In Vitro–Deranged Intestinal Immune Response to Gliadin in Type 1 Diabetes Free

We studied 17 type 1 diabetic patients who were on a gluten-containing diet (13 males, 4 females, median age 13 years, range 8–16); 50 age-matched individuals served as control subjects. The diagnoses in the control subjects were iron deficiency anemia, failure to thrive, gastroesophageal reflux, short stature, and recurrent abdominal pain. All patients and control subjects were negative for anti-endomysial and anti-human tissue transglutaminase antibodies.
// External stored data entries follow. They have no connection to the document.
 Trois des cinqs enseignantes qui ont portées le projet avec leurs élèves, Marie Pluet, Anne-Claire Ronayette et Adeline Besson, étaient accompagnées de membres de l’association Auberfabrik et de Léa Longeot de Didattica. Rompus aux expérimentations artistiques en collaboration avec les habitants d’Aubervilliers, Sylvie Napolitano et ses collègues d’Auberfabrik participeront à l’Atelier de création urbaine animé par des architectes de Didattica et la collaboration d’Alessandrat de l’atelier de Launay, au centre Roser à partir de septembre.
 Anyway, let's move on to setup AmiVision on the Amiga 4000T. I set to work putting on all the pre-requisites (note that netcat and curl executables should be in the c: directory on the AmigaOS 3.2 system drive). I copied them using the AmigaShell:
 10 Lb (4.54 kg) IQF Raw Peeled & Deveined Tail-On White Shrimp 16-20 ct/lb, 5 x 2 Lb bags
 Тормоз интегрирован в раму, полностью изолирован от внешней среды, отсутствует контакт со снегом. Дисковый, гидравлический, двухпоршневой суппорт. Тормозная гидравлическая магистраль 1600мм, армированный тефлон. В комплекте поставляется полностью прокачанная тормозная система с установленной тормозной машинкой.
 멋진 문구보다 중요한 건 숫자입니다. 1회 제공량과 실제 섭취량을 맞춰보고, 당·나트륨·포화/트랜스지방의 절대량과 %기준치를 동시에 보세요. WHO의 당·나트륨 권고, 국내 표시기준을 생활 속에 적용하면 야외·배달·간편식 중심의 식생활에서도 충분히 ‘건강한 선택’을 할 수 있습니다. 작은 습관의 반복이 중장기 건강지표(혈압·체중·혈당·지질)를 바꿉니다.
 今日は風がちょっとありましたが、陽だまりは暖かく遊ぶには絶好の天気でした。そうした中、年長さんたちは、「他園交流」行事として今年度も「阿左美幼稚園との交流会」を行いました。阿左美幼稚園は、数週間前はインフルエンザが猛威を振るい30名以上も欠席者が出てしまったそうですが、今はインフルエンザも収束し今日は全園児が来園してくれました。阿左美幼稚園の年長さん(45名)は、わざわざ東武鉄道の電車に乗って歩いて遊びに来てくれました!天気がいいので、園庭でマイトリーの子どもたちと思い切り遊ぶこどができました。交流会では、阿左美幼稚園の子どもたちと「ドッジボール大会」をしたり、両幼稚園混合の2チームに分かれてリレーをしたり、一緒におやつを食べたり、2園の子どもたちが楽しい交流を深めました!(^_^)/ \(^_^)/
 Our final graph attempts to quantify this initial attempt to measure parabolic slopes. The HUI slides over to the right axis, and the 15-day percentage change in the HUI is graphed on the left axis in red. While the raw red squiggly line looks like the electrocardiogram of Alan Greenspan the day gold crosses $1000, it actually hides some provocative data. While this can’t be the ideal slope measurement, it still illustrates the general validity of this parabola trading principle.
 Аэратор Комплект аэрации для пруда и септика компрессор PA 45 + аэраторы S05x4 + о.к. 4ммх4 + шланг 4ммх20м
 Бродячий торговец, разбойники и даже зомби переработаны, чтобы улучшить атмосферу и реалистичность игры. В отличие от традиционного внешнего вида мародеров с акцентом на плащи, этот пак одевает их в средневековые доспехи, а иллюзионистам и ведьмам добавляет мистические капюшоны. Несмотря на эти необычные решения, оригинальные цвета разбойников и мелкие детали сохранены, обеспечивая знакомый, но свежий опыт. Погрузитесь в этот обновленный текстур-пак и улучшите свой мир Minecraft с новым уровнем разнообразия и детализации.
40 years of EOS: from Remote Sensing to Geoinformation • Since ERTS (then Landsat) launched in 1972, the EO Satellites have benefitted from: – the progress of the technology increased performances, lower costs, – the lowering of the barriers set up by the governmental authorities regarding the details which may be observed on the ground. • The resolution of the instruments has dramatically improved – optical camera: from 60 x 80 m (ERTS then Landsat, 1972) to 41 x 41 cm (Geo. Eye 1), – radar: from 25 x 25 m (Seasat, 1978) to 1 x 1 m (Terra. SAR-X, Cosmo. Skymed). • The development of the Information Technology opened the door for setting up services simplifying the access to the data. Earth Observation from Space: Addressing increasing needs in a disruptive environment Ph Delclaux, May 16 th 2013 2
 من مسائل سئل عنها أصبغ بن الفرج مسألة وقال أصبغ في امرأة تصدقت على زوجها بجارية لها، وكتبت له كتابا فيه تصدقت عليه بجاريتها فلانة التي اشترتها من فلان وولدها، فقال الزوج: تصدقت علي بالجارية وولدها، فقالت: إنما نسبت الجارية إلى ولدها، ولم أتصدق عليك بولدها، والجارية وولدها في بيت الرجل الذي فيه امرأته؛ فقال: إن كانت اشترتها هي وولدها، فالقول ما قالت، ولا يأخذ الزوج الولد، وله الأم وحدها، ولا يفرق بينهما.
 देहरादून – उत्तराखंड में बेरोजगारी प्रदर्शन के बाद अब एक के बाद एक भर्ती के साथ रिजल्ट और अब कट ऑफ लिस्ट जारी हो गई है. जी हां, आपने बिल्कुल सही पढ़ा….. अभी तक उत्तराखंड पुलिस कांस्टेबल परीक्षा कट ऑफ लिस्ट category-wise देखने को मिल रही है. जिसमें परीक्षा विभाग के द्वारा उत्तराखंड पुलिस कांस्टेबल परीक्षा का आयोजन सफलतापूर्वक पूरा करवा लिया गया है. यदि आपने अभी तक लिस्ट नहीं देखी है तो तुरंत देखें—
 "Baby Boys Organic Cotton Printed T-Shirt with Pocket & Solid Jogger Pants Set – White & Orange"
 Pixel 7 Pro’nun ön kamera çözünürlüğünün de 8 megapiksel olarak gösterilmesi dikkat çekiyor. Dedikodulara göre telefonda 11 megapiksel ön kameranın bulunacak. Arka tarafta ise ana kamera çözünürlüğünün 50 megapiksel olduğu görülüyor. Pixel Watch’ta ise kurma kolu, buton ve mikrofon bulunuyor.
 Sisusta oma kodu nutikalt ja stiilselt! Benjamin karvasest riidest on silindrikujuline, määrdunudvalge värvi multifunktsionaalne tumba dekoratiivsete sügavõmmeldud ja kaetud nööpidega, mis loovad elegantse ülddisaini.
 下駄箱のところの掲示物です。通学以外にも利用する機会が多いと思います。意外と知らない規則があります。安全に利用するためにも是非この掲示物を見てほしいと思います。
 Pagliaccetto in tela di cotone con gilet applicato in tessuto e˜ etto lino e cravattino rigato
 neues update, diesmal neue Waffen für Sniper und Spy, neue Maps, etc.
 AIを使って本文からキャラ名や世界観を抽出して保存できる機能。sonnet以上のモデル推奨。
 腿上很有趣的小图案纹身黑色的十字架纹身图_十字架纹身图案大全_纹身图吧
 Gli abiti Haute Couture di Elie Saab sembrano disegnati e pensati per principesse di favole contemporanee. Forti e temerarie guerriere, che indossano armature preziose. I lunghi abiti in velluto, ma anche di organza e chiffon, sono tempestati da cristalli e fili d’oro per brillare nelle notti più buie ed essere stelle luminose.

Jejunal biopsies were obtained with a Watson biopsy device or a gastroscope. Each biopsy specimen was sliced into two parts. One part was fixed in 10% formalin, embedded in paraffin wax, cut into 5-μm thick sections, and stained with hematoxylin-eosin. The other part was immediately embedded in an optimal cutting temperature compound (BioOptica) and stored at −80°C. For immunohistochemistry, biopsy specimens were sectioned into 4-μm slices, which were fixed in acetone for 10 min. After a 20-min preincubation with normal rabbit serum (1:200, Dako), sections were incubated for 1 h with anti-CD3 (1:200; Dako), anti-CD25 (1:20; Dako), anti-TCRγδ (1:80; Thema), anti–HLA-DR (1:100; Dako), anti-CD54 (1:200; Dako), or anti-CD80 B7-1 (BB1) (Pharmingen) monoclonal antibodies and then exposed to rabbit anti-mouse immunoglobulin for 30 min. Monoclonal antibodies were diluted in Tris, pH 7.4; all incubations were carried out at room temperature in a humidity chamber. As a negative control, mouse IgG1 (1:100 Dako) was used instead of a primary antibody. After washing with Tris, pH 7.4, the sections were layered with monoclonal mouse PAP (peroxidase antiperoxidase) (Dako) or monoclonal mouse APAAP (alkaline phosphatase antialkaline phosphatase) (Dako) for 30 min. We used 2-amino-9-ethyl-carbazole (Sigma) or New Fuchsin for the peroxidase and alkaline phosphatase reactions, respectively. Sections were counterstained with Mayer’s hematoxylin and mounted with Aquamount (BDH Laboratory Supplies, Poole, U.K.). Costaining experiments were set up to detect activated T-cells. Cryosections were fixed in acetone and preincubated with a mixture of goat and swine normal serum (1:100; Dako). The sections were first incubated with mouse monoclonal antibody anti-CD25 (1:25; Dako) and rabbit polyclonal antibody anti-CD3 (1:100; Dako) and then with a mixture of swine anti-rabbit IgG conjugated to fluorescence in situ hybridization (1:30; Dako) and goat anti-mouse IgG conjugated to Texas Red (1:100; Molecular Probes). Finally, the sections were mounted in glycerol/PBS (1:10). The immunofluorescence of the three colors was observed with an Axioscope2 microscope (C. Zeiss) linked to an analysis image system (Siemens).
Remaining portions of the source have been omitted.